121 Views Asked by At

I have a set of large data and need to come up with a way to quantify correlation. I am thinking that I should use Bayesian Inference to tackle the problem.

The question in mind is to see how the attendence of classes of new students in their first month of university affects the their success. So the statement that I would like to reach is: "Given that new students attend all classes in their first month of university, there is a 50% chance that they will finish their degree with an A"

Could anyone direct me to the right direction please? The literature is overwhelming plus I need to do the data analysis in Python.

Thanks!

3

There are 3 best solutions below

0
On

Welcome to MSE! When you have a large data set and want to apply Bayesian techniques, the first would be the learning of the structure such that a Bayesian network is established. Here you can use Pearson's chi-squared tests or heuristic methods (such as hill climbing) to configure such a network. The next step is to learn/estimate the conditional probabilities as described by the network. Then you are in the position to make inferences. For this, one usually has given data (i.e., some nodes/random variables of the network are instantiated/have values). Then you can use apply an inference algorithm to find the most probable states of the hidden/uninstantiated random variables.

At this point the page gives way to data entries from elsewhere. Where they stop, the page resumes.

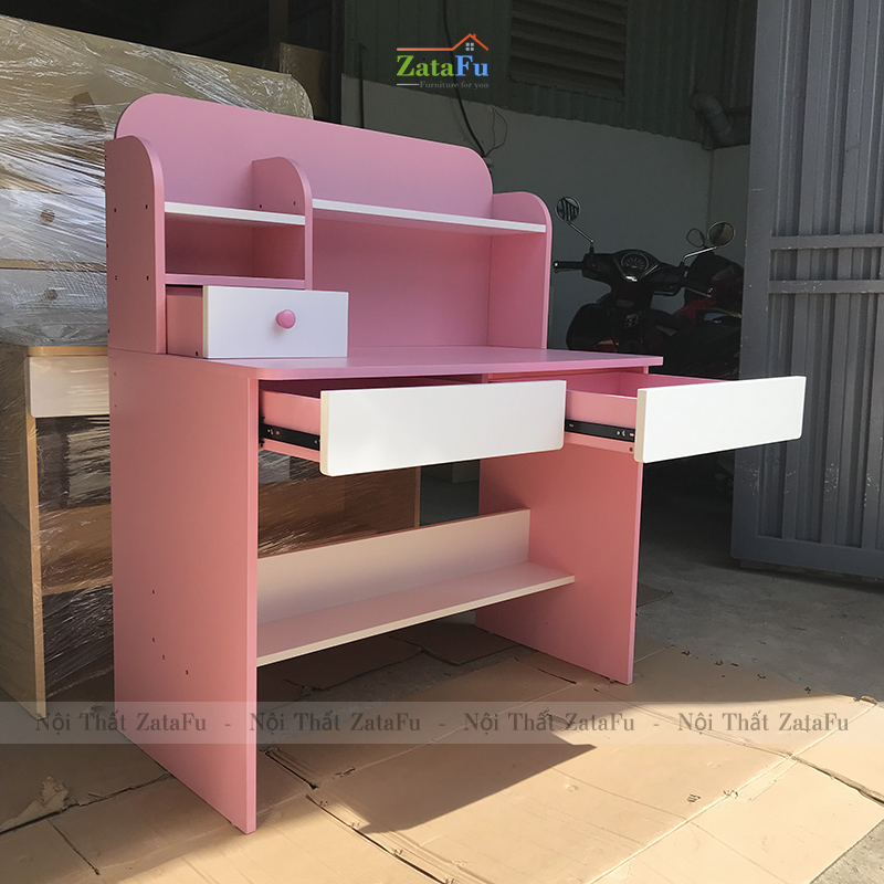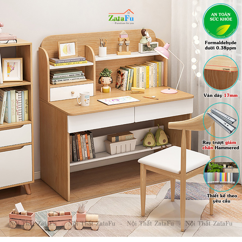 - Bàn học được chế tác từ gỗ công nghiệp MDF - chất liệu thường được sử dụng để sản xuất bàn học, tủ quần áo,... trong nội thất, dày 17mm và được phủ malamine dày 2 mặt, bảo vệ và đảm bảo độ chắc chắn cho bàn.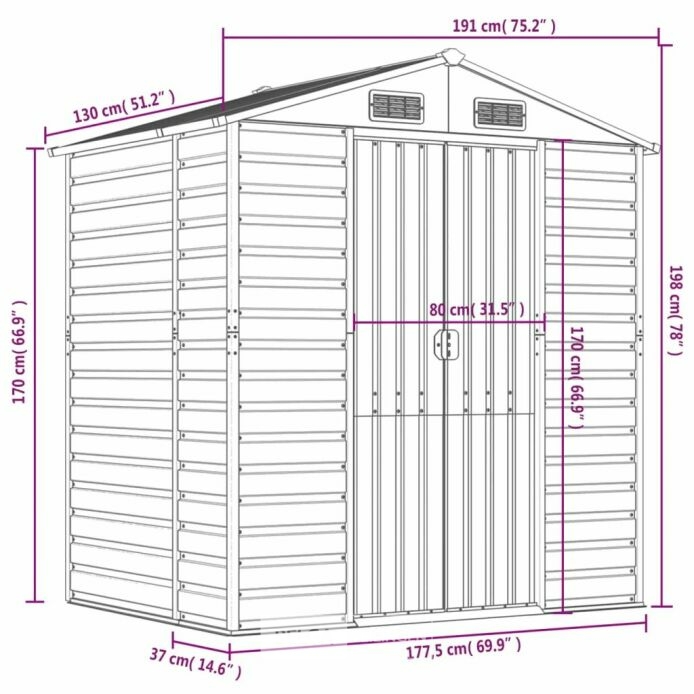 Robuust materiaal: het tuinschuurtje is gemaakt van gegalvaniseerd staal, dat roestvorming voorkomt en lang meegaat. Staal is een buitengewoon hard en sterk materiaal. Het biedt stevigheid en stabiliteit. Galvanisatie biedt een betere bescherming tegen corrosie en is handig voor producten die buiten of in ruwe omgevingen worden gebruikt.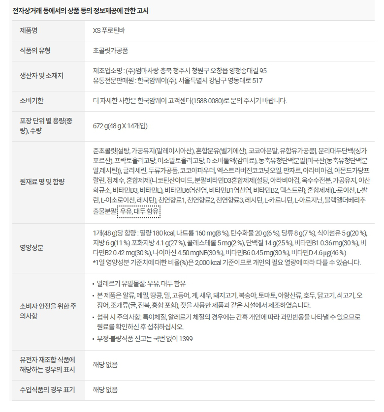 암웨이 XS 푸로틴 바 (14개)

One of the most prominent examples is the hidden Markov model (HMM) which has a given network structure. Learning/estimation of the conditional probabilities can be done by the expectation-maximation (EM) algorithm (or more efficiently by the Baum-Welsh algorithm) and inference by the famous Viterbi algorithm.

0
On

If the case that you describe is actually the case you want to solve, it appears that you want something simple, namely $$ \mathbb P(\text{grade $A$} \mid \text{attend all classes month 1}). $$ I will now abbreviate this as $\mathbb P(A \mid C)$. Note that by definition, $$ \mathbb P(A \mid C) = \frac{\mathbb P(A \land C)}{\mathbb P(C)}, $$ and this is something you can estimate directly from the data: it is just $$ \frac{\text{number of students who got an $A$ and attended all classes month 1}}{\text{number of students who attended all classes month 1}}. $$ If you must apply Bayes' rule, you get $$ \mathbb P(A \mid C) = \mathbb P(C \mid A) \times \frac{\mathbb P(A)}{\mathbb P(C)}. $$ You can also compute all the quantities on the right separately from your data, but it is just doing redundant work.

0
On

For Bayesian data analysis, you can have a look at Stan. This is a well documented and tested framework for doing Bayesian analysis, see these case studies.

Once that you have defined your model, you can solve it using likelihood maximization (not really Bayesian as this is a pointwise estimation), Hamiltonian MC or Variational inference (a good choice if your model has a lot of parameters).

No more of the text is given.